Hundreds of people marched in southern Syria for a fifth straight day on Tuesday, protesting against the government of President Bashar al-Assad and shouting "Freedom, freedom. Peaceful, peaceful."
Protesters gathered near the Old Omari mosque in Deraa and in the nearby town of Nawa in the strategic Hauran plateau, close to the border with Jordan, catching a wave of Arab unrest that has toppled leaders in Tunisia and Egypt.
"We want bread, but also freedom," said a resident of Deraa, where wheat yields fell by a quarter last year due to a drought that has hit the rest of the country of 20 million people.
Security forces killed four protesters when the demonstrations erupted in Deraa on Friday, and an 11-year-old child died after inhaling tear gas.
On Tuesday authorities arrested a leading campaigner who had supported the protesters, the Syrian Observatory for Human Rights said. Loay Hussein, a political prisoner from 1984 to 1991, was taken from his home in the Sehnaya district near Damascus, the independent rights group said in a statement.
"His house was broken into. The door was smashed. His fate is unknown," the group's statement said.
ASSAD'S SECRET POLICE
Vice President Farouq al-Shara said on Tuesday that Assad was committed to "continue the path of reform and modernization in Syria," Lebanon's al-Manar Television reported, adding he "cannot be against any Syrian citizen." It gave no details.
In Geneva, the United Nations Office for Human Rights said the authorities "need to put an immediate halt to the excessive use of force against peaceful protesters, especially the use of live ammunition."
A main demand of the protesters is an end what they term repression by the secret police, which is headed in Deraa province by a cousin of Assad, who faces the biggest challenge to his rule since succeeding his father Hafez al-Assad in 2000.
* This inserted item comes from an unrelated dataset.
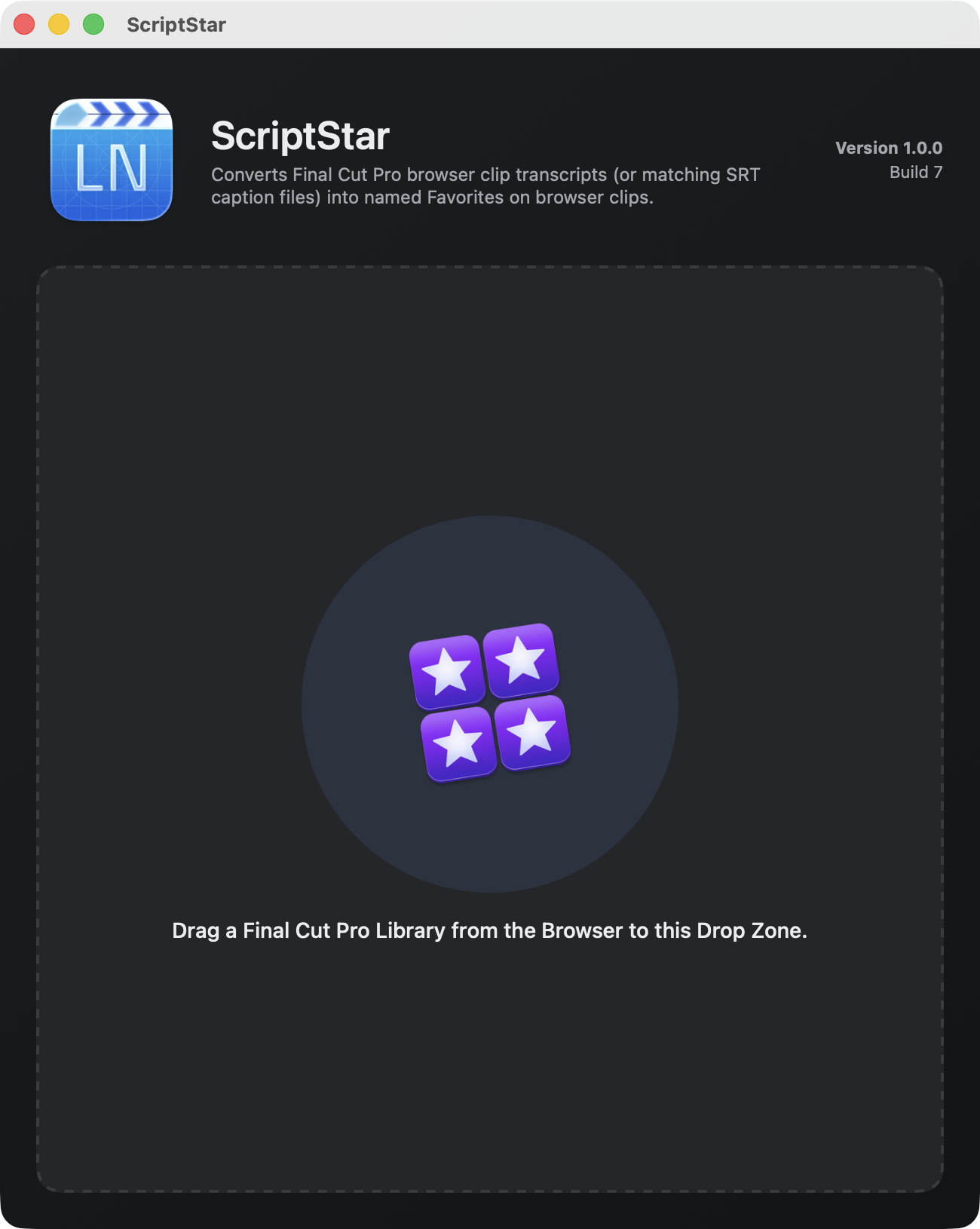 Once launched, simply drag your Final Cut Pro Library into the drop zone to get started.

Syria has been under emergency law since the Baath Party took power in a 1963, banning any opposition and ushering in decades of economic retreat characterized by nationalization.
Limited economic liberalization in the last decade has been marked by the rise of Rami Makhlouf, another cousin of Assad, as a business tycoon controlling key companies.
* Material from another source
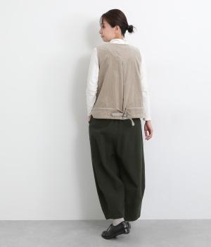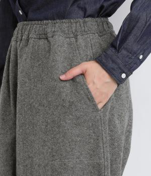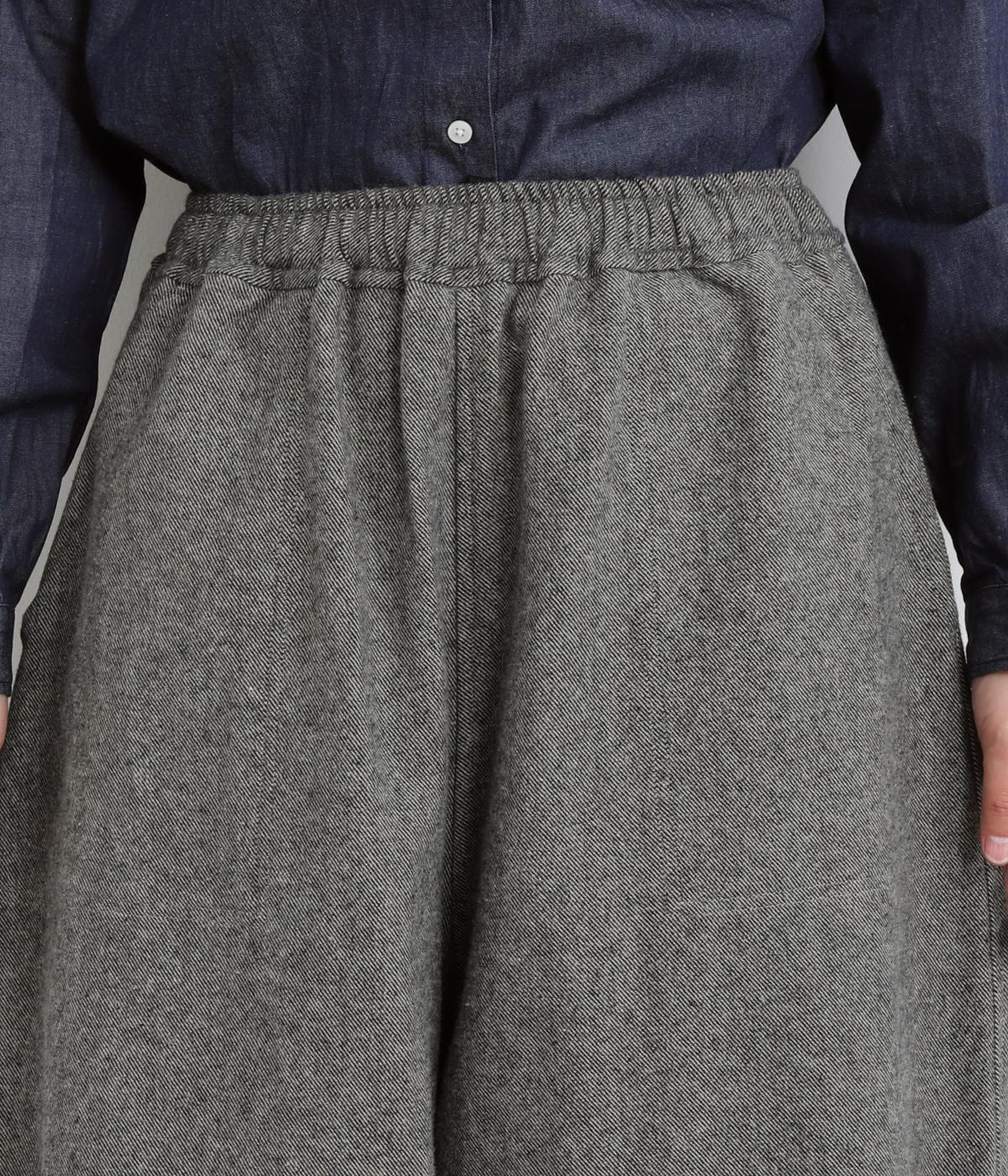 落ち着いた印象を醸し、大人のスタイルにすんなりなじむ、雰囲気のいい生地感を活かしたワイドパンツ。裾にダーツを入れて自然な立体感を持たせ、シンプルながらもお洒落な装いが完成。ウエストは総ゴム&内紐ではき心地も◎。

Makhlouf, who is under U.S. sanctions for what Washington deems public corruption, has been a target of protesters' wrath. They describe him as a "thief." The tycoon says he is a legitimate businessman helping bring economic progress to Syria.
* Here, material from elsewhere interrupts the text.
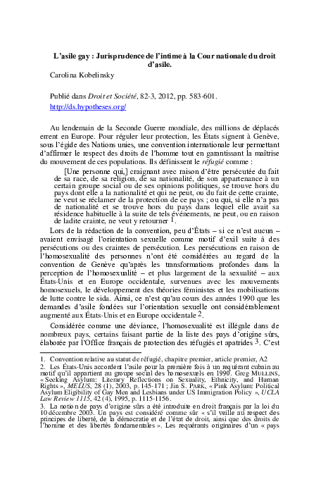 Textes de lois : l’asile - l'asile - Info droits étrangers I.-Les articles L. 723-3, L. 723-6, L. 723-7, L. 723-15, L. 723-16 et L. 744-6 du code de l'entrée et du séjour des étrangers et du droit d'asile, dans leur rédaction résultant de la présente loi, s'appliquent aux demandes d'asile présentées à compter du 20 juillet 2015 CESEDA 2024 Pdf Le Décodé - Des Sources Du Droit D'asile En Vigueur En France Accès Au Droit D'asile Le Droit D'asile Au Maroc 24 - 11-20 | Réfugié | Haut... La Cour nationale du droit d’asile (CNDA) a rendu ce 11 juillet 2024, un arrêt stipulant que « l’ensemble des femmes afghanes » ont vocation à obtenir le statut de réfugiées en raison de leur genre.

Assad has ignored rising demands to end emergency law, curb its pervasive security apparatus, develop the rule of law, free thousands of political prisoners, allow freedom of expression, and reveal the fate of tens of thousands of dissenters who disappeared in the 1980s.
"The revolution is at the door and the regime is still flirting with change," said Haitham al-Maleh, an 80-year-old lawyer and former judge who has spent his life peacefully resisting the ruling Baath Party's monopoly on power.
The protests have demanded freedom and an end to corruption and repression, but not the overthrow of Assad. The authorities appeared to adopt less heavy-handed tactics on Tuesday, choosing not to intervene against protesters, although activists said hundreds have been arrested across Syria in the last week.